*** Opening of SOURCE INFORMATION ***

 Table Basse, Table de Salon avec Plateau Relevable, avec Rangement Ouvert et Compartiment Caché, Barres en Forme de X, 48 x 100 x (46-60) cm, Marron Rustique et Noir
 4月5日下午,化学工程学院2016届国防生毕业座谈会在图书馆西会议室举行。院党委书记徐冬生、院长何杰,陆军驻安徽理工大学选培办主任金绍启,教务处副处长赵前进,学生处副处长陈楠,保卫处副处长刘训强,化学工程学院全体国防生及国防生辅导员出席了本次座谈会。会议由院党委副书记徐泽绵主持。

*** Close of SOURCE INFORMATION ***
*** Opening of SOURCE INFORMATION ***

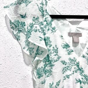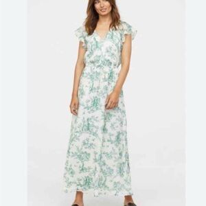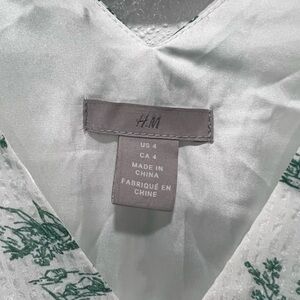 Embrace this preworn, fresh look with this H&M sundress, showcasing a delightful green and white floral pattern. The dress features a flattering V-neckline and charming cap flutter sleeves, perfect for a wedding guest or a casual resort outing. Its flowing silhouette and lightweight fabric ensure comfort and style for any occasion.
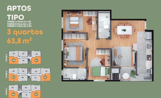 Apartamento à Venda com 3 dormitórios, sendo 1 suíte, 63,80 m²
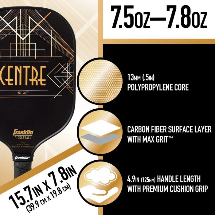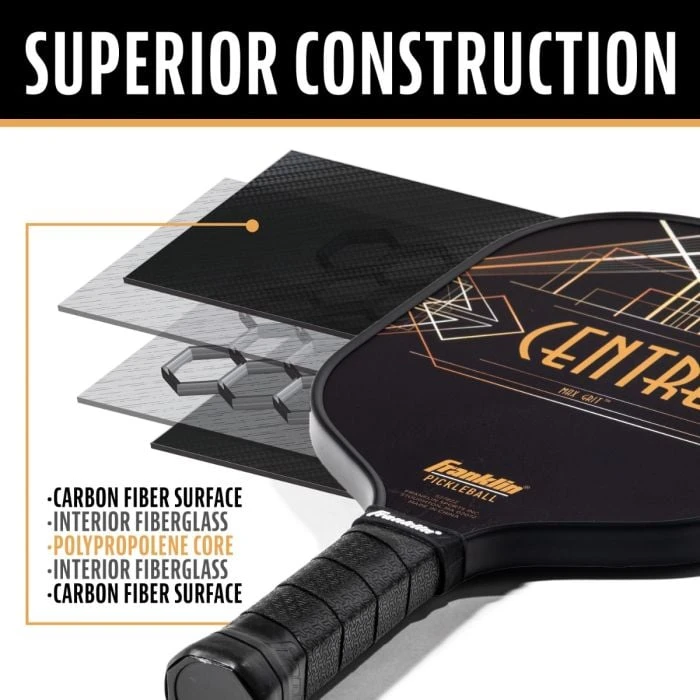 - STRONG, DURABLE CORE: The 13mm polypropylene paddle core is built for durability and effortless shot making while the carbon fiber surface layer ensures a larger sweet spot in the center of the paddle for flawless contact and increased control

*** Close of SOURCE INFORMATION ***

**TASK DIRECTIONS**
Give back exactly the lines of the listing above that run from the line with "Table Basse, Table" to the line with "4月5日下午,化学工程学院2", inclusive.

**RESPONSE TO THIS TASK**
 Table Basse, Table de Salon avec Plateau Relevable, avec Rangement Ouvert et Compartiment Caché, Barres en Forme de X, 48 x 100 x (46-60) cm, Marron Rustique et Noir
 4月5日下午,化学工程学院2016届国防生毕业座谈会在图书馆西会议室举行。院党委书记徐冬生、院长何杰,陆军驻安徽理工大学选培办主任金绍启,教务处副处长赵前进,学生处副处长陈楠,保卫处副处长刘训强,化学工程学院全体国防生及国防生辅导员出席了本次座谈会。会议由院党委副书记徐泽绵主持。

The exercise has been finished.